Expert Tips for Perfect Protein Chicken Enchiladas
- Warm Tortillas: Ensure tortillas are warmed before filling to prevent cracking; wrap them in damp paper towels and microwave for moisture retention.
- Adjust Sauce Thickness: Create a smoother creamy white sauce by starting with less milk; you can always add more if needed for a desirable consistency.
- Choose Fresh Ingredients: Use fresh spices and shredded cheese for the best flavor and melt quality. Avoid pre-shredded cheese, which contains anti-caking agents.
- Let Enchiladas Rest: After baking, allow enchiladas to rest for 5 minutes before serving; this helps thicken the sauce and keeps the filling intact.
- Experiment with Fillings: Feel free to mix things up by adding vegetables like spinach or beans for added nutrition and flavor in your Protein Chicken Enchiladas.
- Broil for Bubbly Cheese: If the cheese isn’t bubbling to your liking, broil for an additional minute while watching closely to avoid burning.

High-Protein Chicken Enchiladas with Creamy White Sauce Recipe FAQs
How do I select the best chicken for my enchiladas?
Absolutely! When choosing chicken, you can opt for leftover roasted or rotisserie chicken for convenience. If using raw chicken, look for fresh pieces with a pink hue and avoid any that have dark spots or an off smell. You want tender, juicy chicken that will meld beautifully with the other flavors in your enchiladas.
What’s the best way to store leftover enchiladas?
Very simple! Allow your enchiladas to cool completely before placing them in an airtight container. They store well in the fridge for up to 3 days. Just make sure they’re tightly sealed to keep them fresh!
Can I freeze my enchiladas for later?
Yes! To freeze your enchiladas, wrap them tightly in plastic wrap and place them in an airtight container. They can last for up to 3 months in the freezer. For the best results, I often freeze the creamy white sauce separately to maintain texture. When ready to enjoy, thaw overnight in the fridge and reheat in the oven.
What should I do if my white sauce turns out too thick?
If your sauce is thicker than desired, no worries! Simply whisk in a little more milk, one tablespoon at a time, until you reach your preferred consistency. You can also heat it gently on the stove while stirring to help loosen it up.
Are there any dietary considerations for these enchiladas?
Definitely! If you’re preparing these enchiladas for someone with allergies or dietary restrictions, be mindful of the ingredients. Substitute Greek yogurt with dairy-free yogurt and use corn tortillas for a gluten-free option. Always double-check that your spices and sauces are allergen-free. Additionally, if you’re catering to someone with a dairy allergy, skip the cheese or use a dairy-free alternative.
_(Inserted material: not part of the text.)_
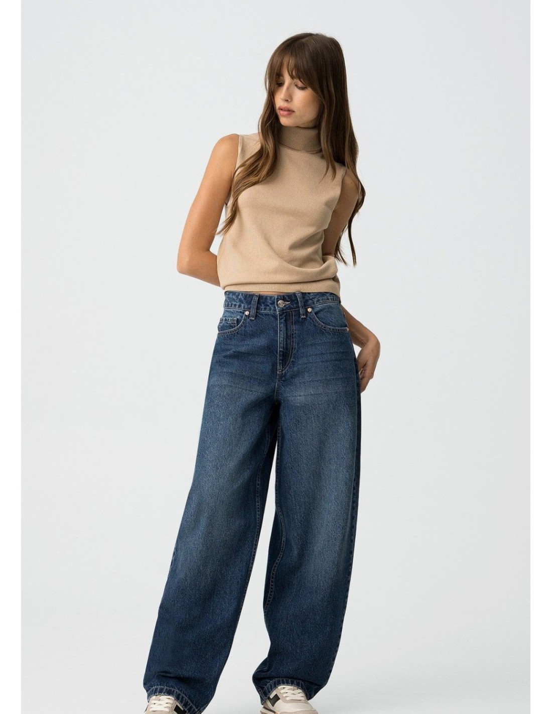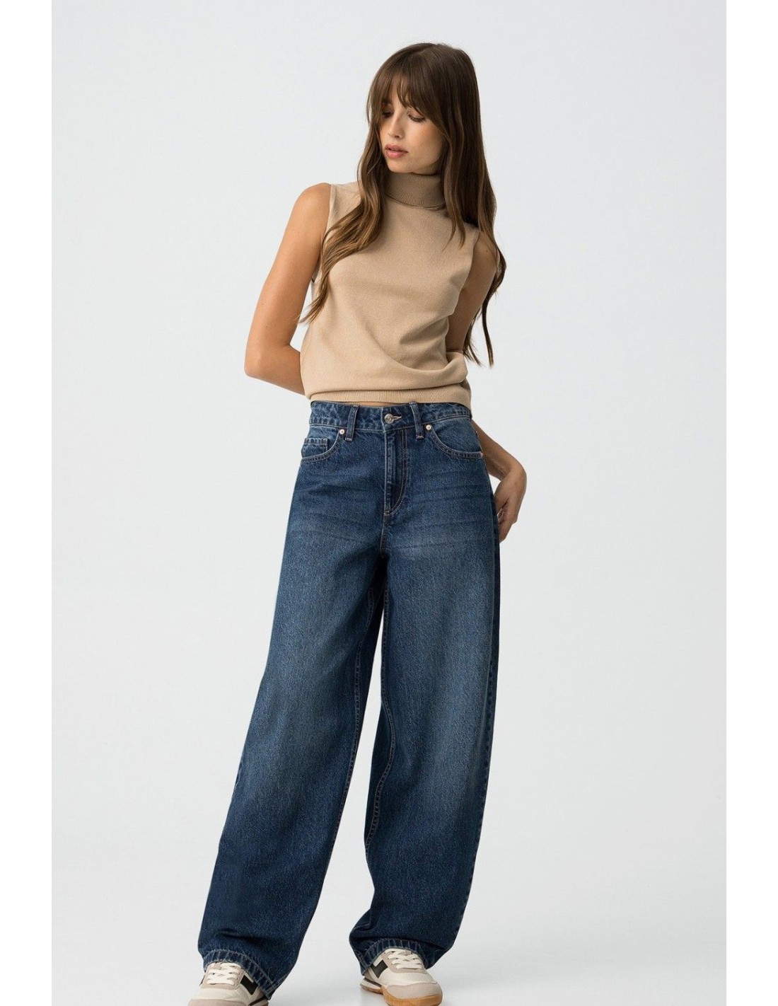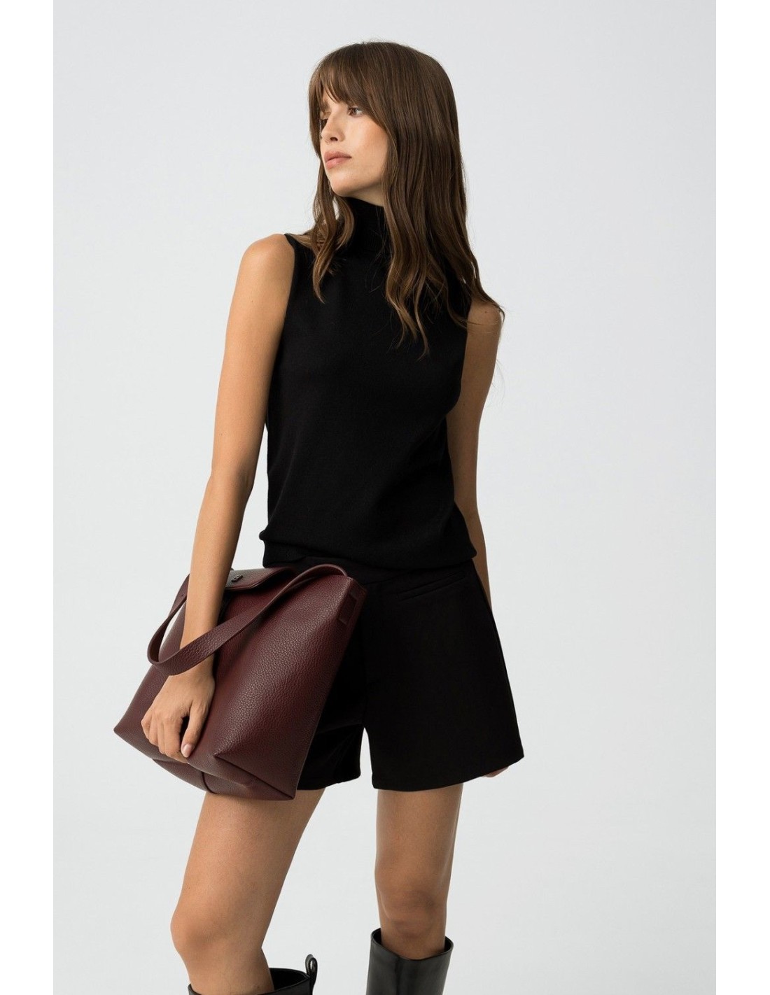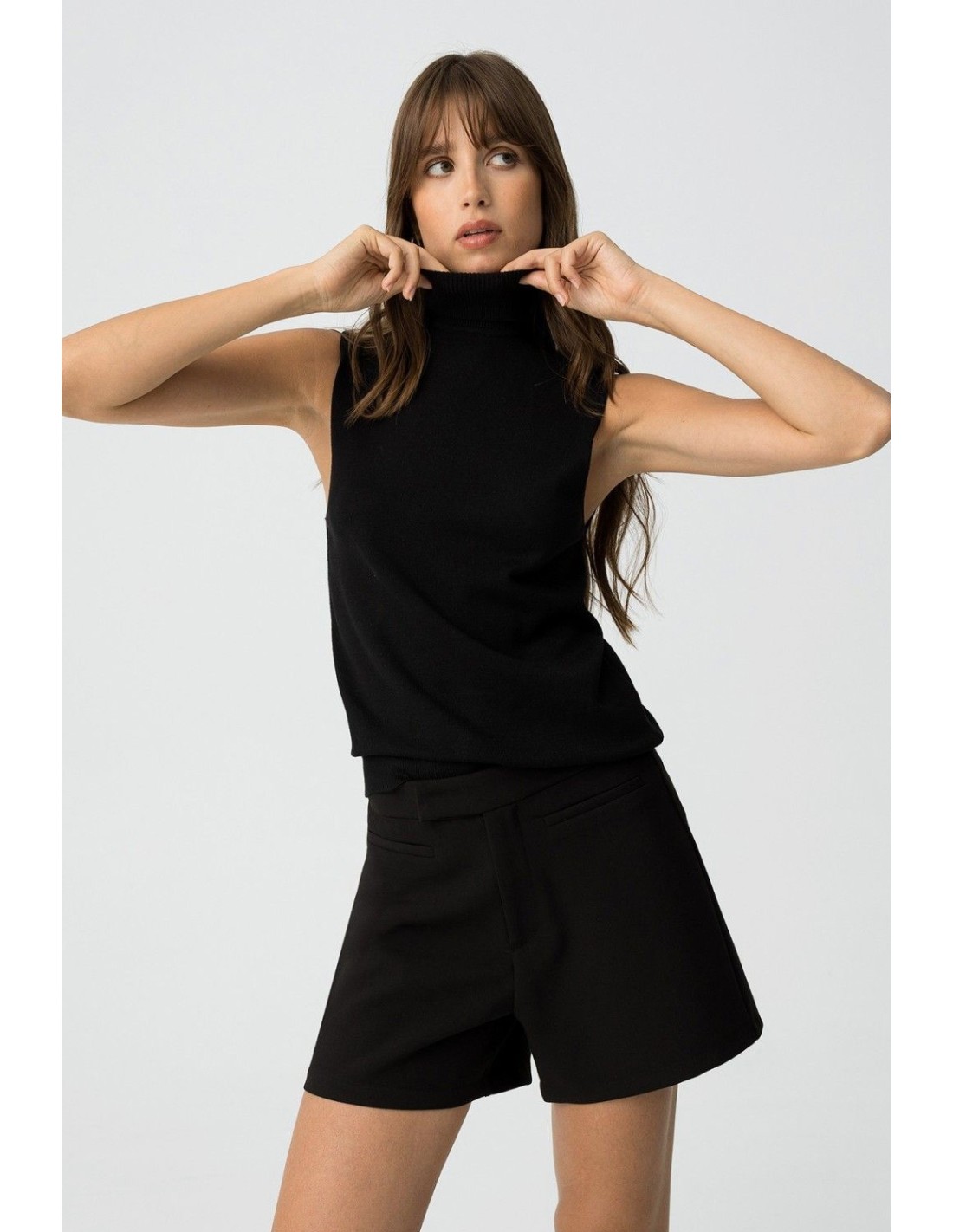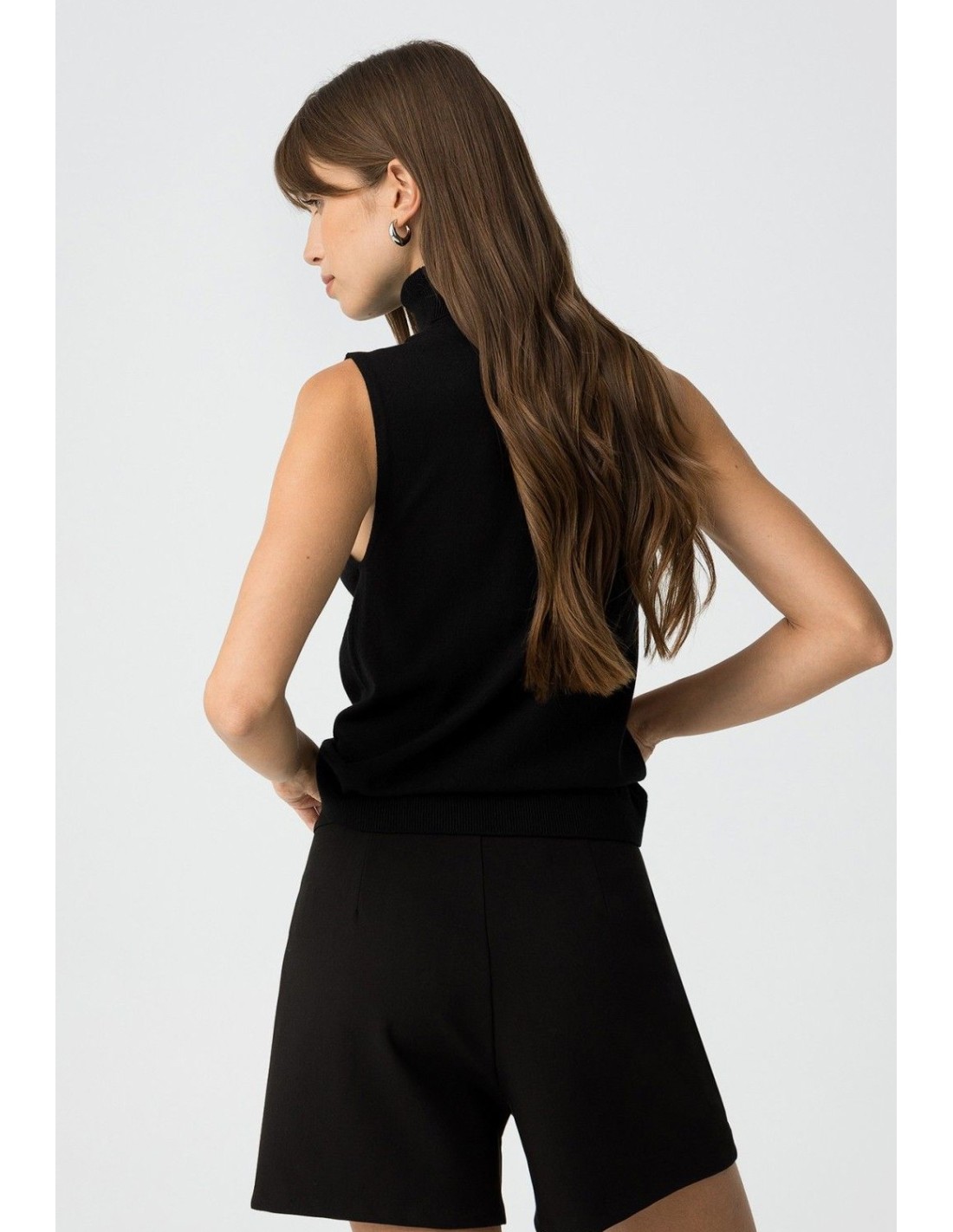 Top slim fit de punto, con cuello alto canalé y sisa.

How long do these enchiladas last in the fridge?
Your high-protein chicken enchiladas can be kept in the fridge for up to 3 days. Just make sure to store them in a well-sealed container to keep them fresh and delicious when it’s time to enjoy them again.

Protein Chicken Enchiladas with Creamy White Sauce Magic
Ingredients
Equipment
Method
- Preheat your oven to 375°F (190°C).
- In a mixing bowl, combine the shredded chicken, garlic powder, cumin, salt, and black pepper. Mix thoroughly.
- Warm the tortillas in a damp paper towel in the microwave for about 30 seconds to 1 minute.
- Assemble the enchiladas by laying each warm tortilla flat, placing about ¼ cup of the chicken mixture in the center, and rolling tightly.
- In a separate bowl, whisk together Greek yogurt, milk, and olive oil until smooth. Pour over the assembled enchiladas.
- Sprinkle shredded cheese over the top.
- Bake for about 20 minutes, or until bubbling and golden brown. Let rest for 5 minutes before serving.